Menon International, Inc. Independent third party validation of Menon Biosensors


Independent third party performs analytical validation of Menon Biosensors’ assay for detection of toxigenic Clostridium difficile in stool

Menon Biosensors demonstrates superior sensitivity and specificity of its Clostridium difficile assay in 3rd party analytical validation study with the University of Southern California.

San Diego, May 11, 2015 – Scientists at the University of Southern California (USC) recently completed an analytical validation study to evaluate the sensitivity and specificity of Menon Biosensors’ Clostridium difficileClostridium difficilenegative patient stools were spiked in triplicate with varied doses of three different clinical isolates of toxigenic Clostridium difficile:  NAP1, CDC-200100215, and ATCC9689.  The doses tested included 0, 10^5, and 10^6 CFU/mL.

DNA was isolated from stool using the Menon Universal Sample Prep method, a multi-step process that releases DNA from any specimen type with only 3 reagents.  Extracted DNA was amplified by a combination of DNA and NMR signal amplification methods with the Menon M2 bioassay.  The M2 assay utilizes customized oligonucleotide probes conjugated with magnetic nanoparticles.  Presence of Clostridium difficile DNA was detected by quantitatively measuring the NMR spin-spin relaxation time T2, reflecting the distribution of nanoparticles.  When no target is present, uniform distribution of nanoparticles occurs resulting in lower T2. When target DNA is present, structures of DNA and nanoparticles are formed resulting in higher T2.  The cut-off value for positive results was a T2 difference of 100 milliseconds (ms).  An internal control (B. subtilis, another spore-forming bacterium) was included for each specimen and positive and negative controls were included for each batch of specimens.

A total of 72 patient specimens were tested for Clostridium difficile and B. subtilis (internal control)All 72 internal controls tested positive, indicating successful extraction.  For PCR-positive specimens, T2 signal measurements ranged from 100.5 to 1241 ms.
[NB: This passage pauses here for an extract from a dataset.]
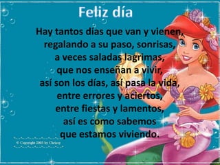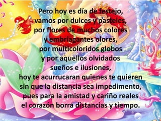 Este poema de cumpleaños desea a Yadira un día feliz rodeada de amigos y familiares que la quieren. Reconoce que aunque no puedan estar físicamente presentes, la llevan en sus corazones. Le agradece por los buenos momentos compartidos y por enseñarle a ver la vida con una sonrisa a pesar de los altibajos. Le desea lo mejor y que siempre pueda contar con su amistad sincera.
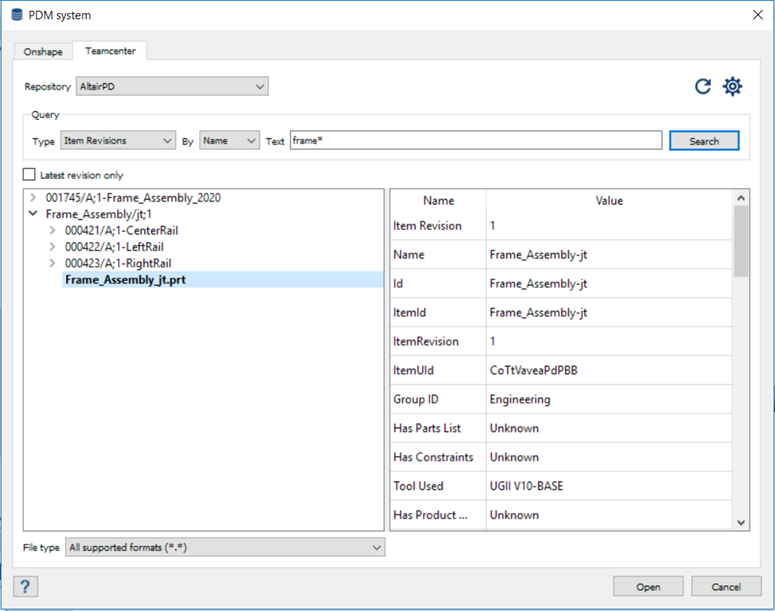 マスターファイルを選択するとアセンブリ全体を開くことができ、単一のファイルを選択するとパートを開くことができます。

For PCR-negative specimens, T2 signal measurements ranged from -3.5 to 76 ms.  Concordance was observed for 98.6% of specimens (Table).
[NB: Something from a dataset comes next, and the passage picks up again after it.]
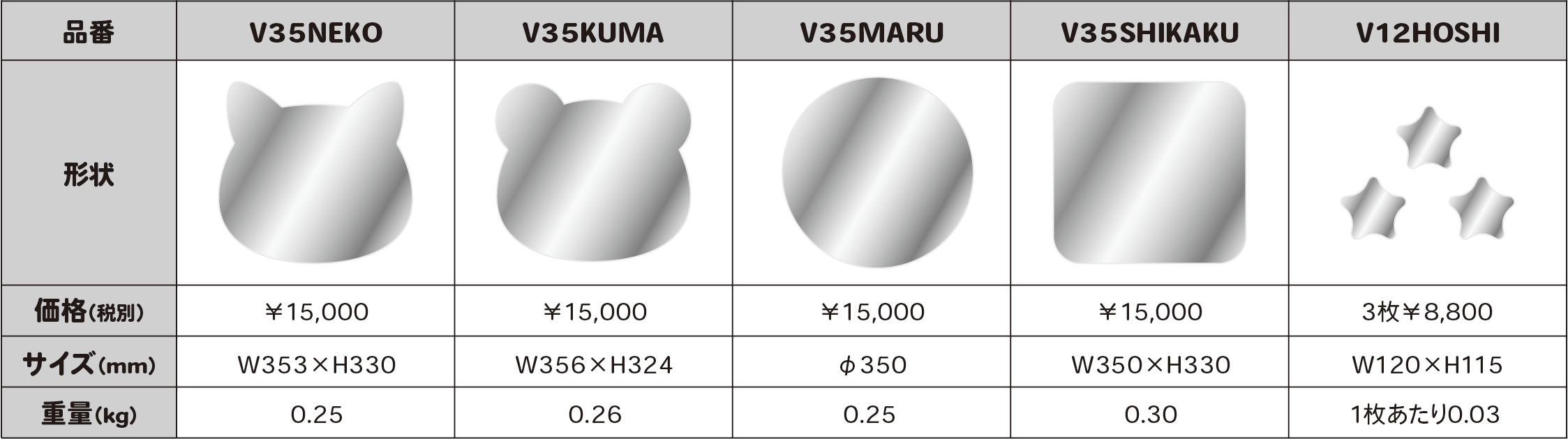 従来の『ワーレン』はビスで壁面に設置するタイプですが、新しいワーレンは両面テープで貼り付けるだけで簡単に設置できるようになりました。形状は「ねこ」「くま」「まる」「しかく」「ほし」の5種類。壁に貼るだけでお部屋を明るく演出してくれます。ミラーは面取り加工で安全性を強化し、教育施設や医療・介護施設など幅広い用途に対応します。

            Molecular Mirroring Technology         

Dose Positive Negative Internal Control Total Percent Concordance
0 CFU/mL 0 18 18 36 100%
10^5 CFU/mL 26 1 27 54 96%
10^6 CFU/mL 27 0 27 54 100%
Total 53 19 72 144 98.6%

 

Cross-reactivity tests were conducted to determine the analytical specificity of the assay using other Clostridium species isolated by USC as well as 2 non-toxigenic Clostridium difficile strains.  Included strains were C. sordelii, C. perfringens, and 2 non-toxigenic Clostridium difficile strains (BAA1801 and ATCC700057).  The Menon Biosensors assay did not cross-react with any of the strains tested, demonstrating high specificity for detection of toxigenic Clostridium difficile in clinical specimens.

Results were presented at the ECCMID conference held in Copenhagen, Denmark, in April 2015.  Future tests are planned to validate the assay in toxigenic Clostridium difficilepositive clinical specimens.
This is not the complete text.